==== PROVIDED DATA
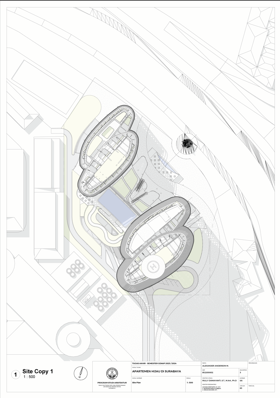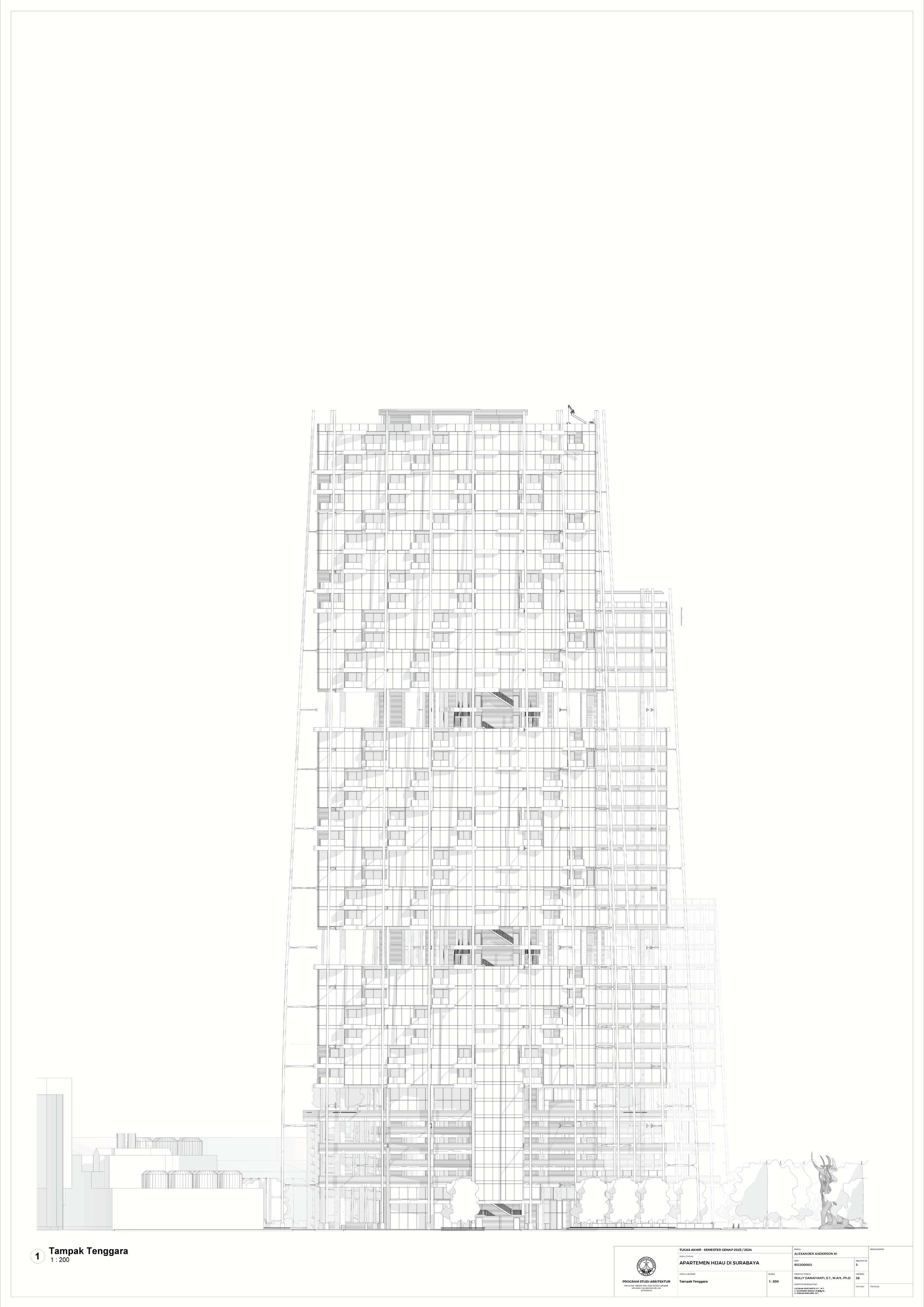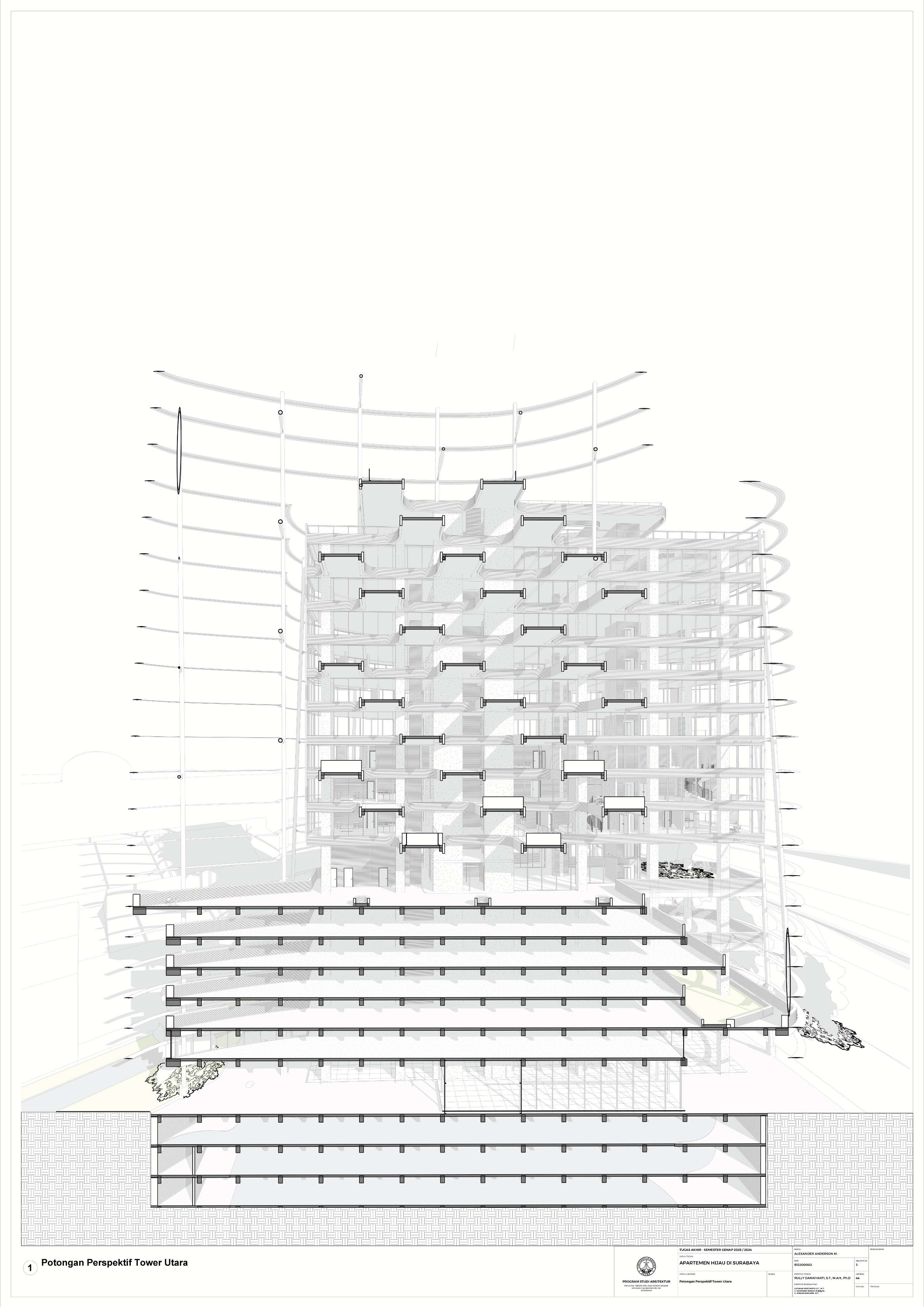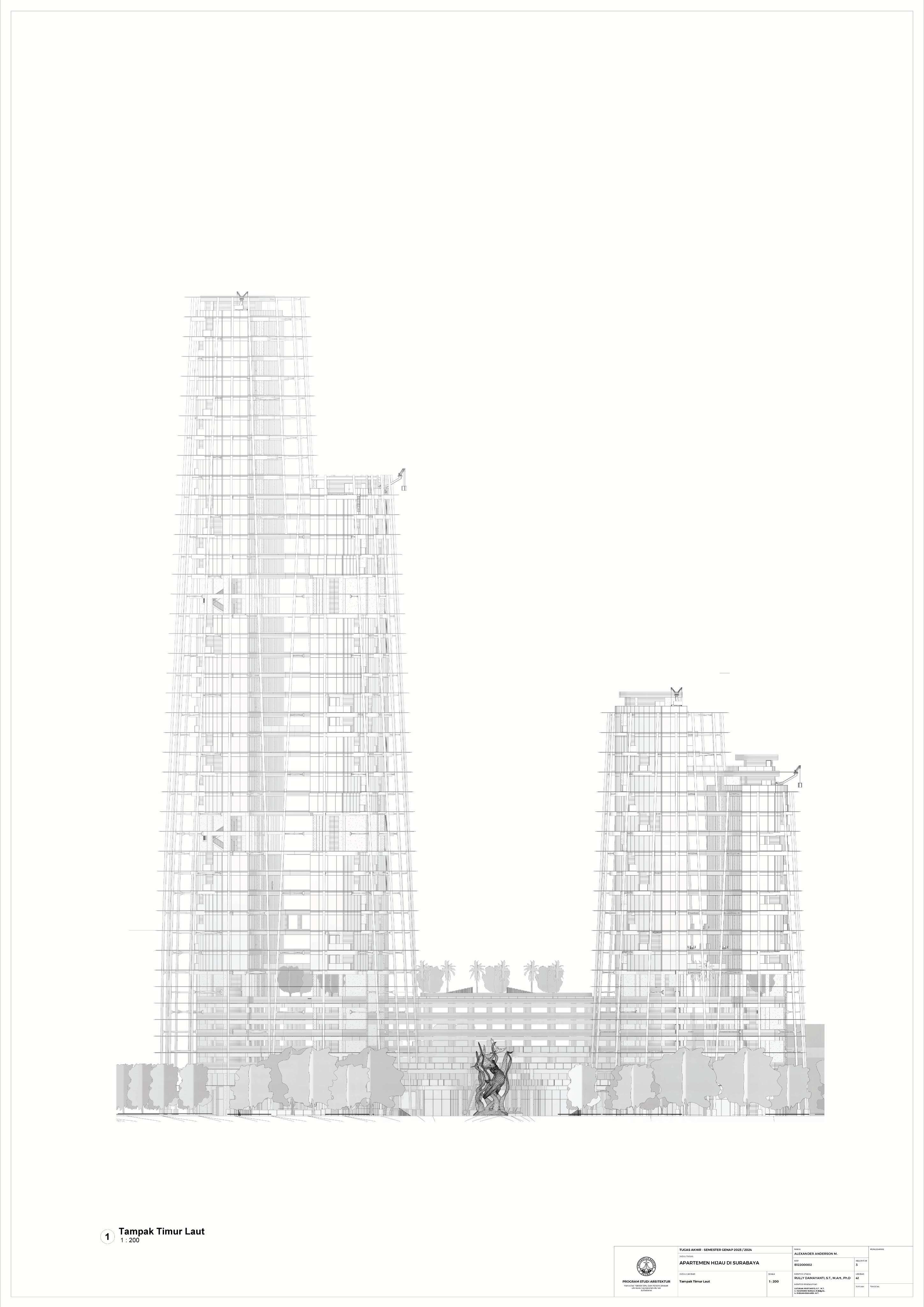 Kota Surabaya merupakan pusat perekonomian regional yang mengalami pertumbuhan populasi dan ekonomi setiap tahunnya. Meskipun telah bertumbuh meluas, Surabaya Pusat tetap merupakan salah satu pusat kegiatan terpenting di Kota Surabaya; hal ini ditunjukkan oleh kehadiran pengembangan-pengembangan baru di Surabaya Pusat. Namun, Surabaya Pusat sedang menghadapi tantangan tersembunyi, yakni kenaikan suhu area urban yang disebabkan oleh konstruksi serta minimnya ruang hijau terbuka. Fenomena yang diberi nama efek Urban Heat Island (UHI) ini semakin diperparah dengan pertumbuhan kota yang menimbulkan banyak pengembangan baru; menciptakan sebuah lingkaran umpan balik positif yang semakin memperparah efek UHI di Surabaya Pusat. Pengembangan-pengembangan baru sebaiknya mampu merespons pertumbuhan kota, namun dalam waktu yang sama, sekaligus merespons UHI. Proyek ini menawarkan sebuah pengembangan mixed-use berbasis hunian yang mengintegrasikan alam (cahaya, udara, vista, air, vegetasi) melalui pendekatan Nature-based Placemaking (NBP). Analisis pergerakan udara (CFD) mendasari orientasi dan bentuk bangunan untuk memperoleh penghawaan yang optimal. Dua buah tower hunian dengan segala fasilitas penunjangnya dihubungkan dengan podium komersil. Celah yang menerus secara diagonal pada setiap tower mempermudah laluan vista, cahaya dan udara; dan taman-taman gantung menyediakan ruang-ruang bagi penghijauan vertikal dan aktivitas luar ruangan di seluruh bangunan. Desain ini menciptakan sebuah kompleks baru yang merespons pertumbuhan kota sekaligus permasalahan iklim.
========
==== PROVIDED DATA
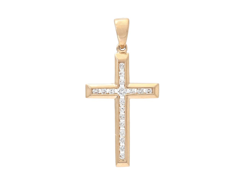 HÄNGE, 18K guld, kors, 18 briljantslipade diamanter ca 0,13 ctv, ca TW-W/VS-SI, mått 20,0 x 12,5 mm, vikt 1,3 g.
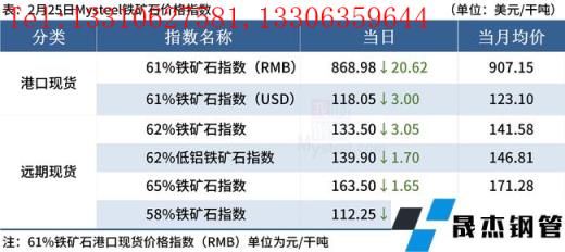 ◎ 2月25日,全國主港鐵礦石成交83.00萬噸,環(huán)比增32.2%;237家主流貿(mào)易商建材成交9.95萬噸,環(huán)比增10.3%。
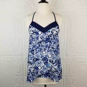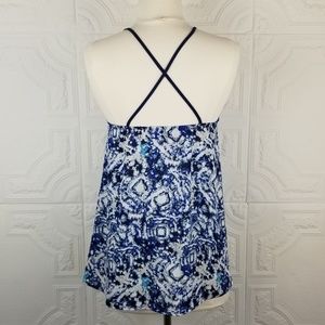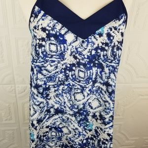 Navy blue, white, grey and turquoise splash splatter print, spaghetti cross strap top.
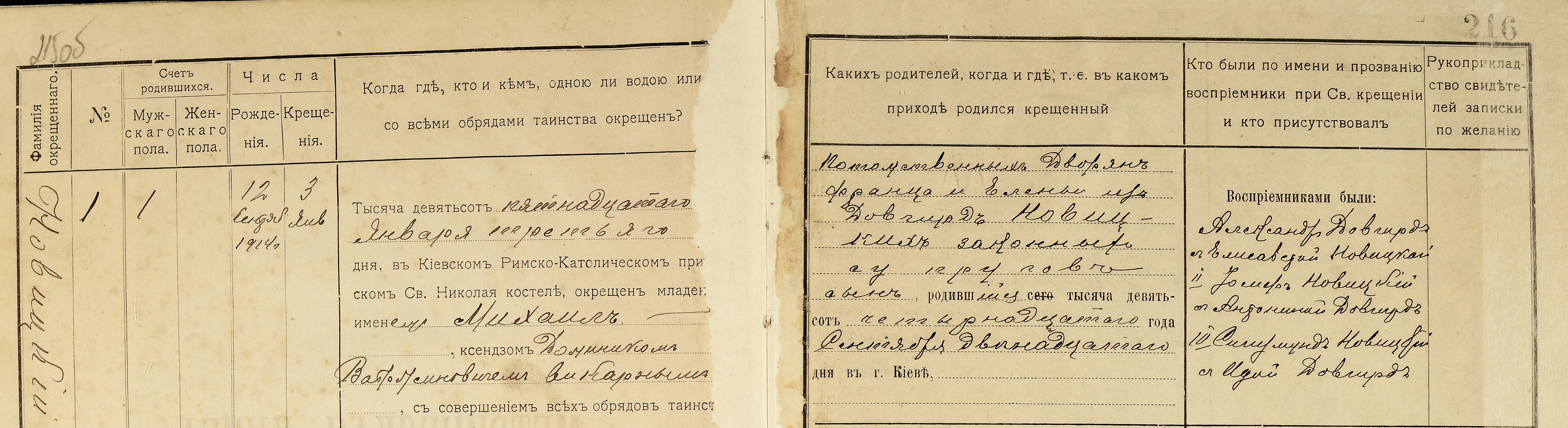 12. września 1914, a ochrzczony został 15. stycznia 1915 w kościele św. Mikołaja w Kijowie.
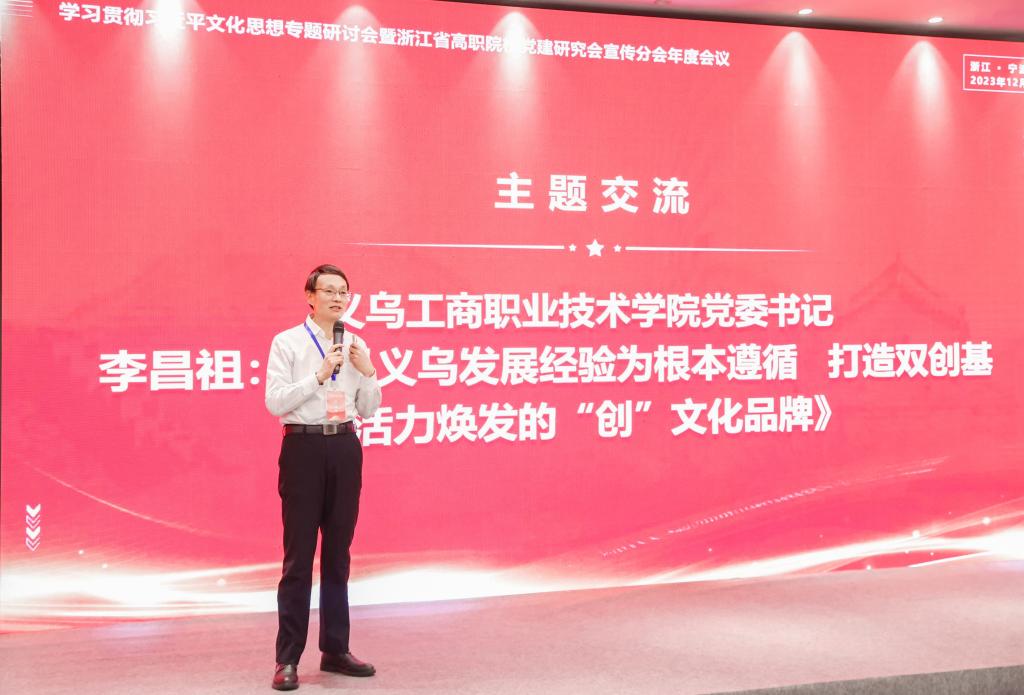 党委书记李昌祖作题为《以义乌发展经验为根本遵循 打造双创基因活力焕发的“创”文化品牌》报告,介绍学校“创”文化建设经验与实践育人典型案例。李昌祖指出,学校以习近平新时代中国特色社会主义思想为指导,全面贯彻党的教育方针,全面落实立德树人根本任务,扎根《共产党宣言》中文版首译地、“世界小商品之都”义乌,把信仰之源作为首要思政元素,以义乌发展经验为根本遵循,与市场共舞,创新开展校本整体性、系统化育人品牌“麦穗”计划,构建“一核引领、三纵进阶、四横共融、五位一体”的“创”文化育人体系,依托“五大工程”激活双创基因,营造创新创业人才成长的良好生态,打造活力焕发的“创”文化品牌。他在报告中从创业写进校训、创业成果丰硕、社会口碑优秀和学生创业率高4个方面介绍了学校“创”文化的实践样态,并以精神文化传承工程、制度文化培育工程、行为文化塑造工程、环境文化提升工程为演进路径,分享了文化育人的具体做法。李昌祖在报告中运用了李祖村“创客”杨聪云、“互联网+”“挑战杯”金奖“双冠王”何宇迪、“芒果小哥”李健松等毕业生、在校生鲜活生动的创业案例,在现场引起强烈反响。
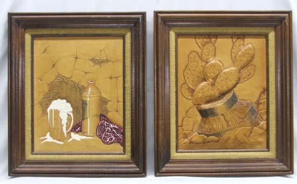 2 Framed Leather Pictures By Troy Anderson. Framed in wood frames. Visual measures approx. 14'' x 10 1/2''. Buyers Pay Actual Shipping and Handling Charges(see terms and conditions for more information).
========
TASK DESCRIPTION: The answer is the lines of the material above, from the one containing "党委书记李昌祖作题为《以义乌" down to the one containing "2 Framed Leather", given exactly and without images.

RESULT OF THE TASK:
 党委书记李昌祖作题为《以义乌发展经验为根本遵循 打造双创基因活力焕发的“创”文化品牌》报告,介绍学校“创”文化建设经验与实践育人典型案例。李昌祖指出,学校以习近平新时代中国特色社会主义思想为指导,全面贯彻党的教育方针,全面落实立德树人根本任务,扎根《共产党宣言》中文版首译地、“世界小商品之都”义乌,把信仰之源作为首要思政元素,以义乌发展经验为根本遵循,与市场共舞,创新开展校本整体性、系统化育人品牌“麦穗”计划,构建“一核引领、三纵进阶、四横共融、五位一体”的“创”文化育人体系,依托“五大工程”激活双创基因,营造创新创业人才成长的良好生态,打造活力焕发的“创”文化品牌。他在报告中从创业写进校训、创业成果丰硕、社会口碑优秀和学生创业率高4个方面介绍了学校“创”文化的实践样态,并以精神文化传承工程、制度文化培育工程、行为文化塑造工程、环境文化提升工程为演进路径,分享了文化育人的具体做法。李昌祖在报告中运用了李祖村“创客”杨聪云、“互联网+”“挑战杯”金奖“双冠王”何宇迪、“芒果小哥”李健松等毕业生、在校生鲜活生动的创业案例,在现场引起强烈反响。
 2 Framed Leather Pictures By Troy Anderson. Framed in wood frames. Visual measures approx. 14'' x 10 1/2''. Buyers Pay Actual Shipping and Handling Charges(see terms and conditions for more information).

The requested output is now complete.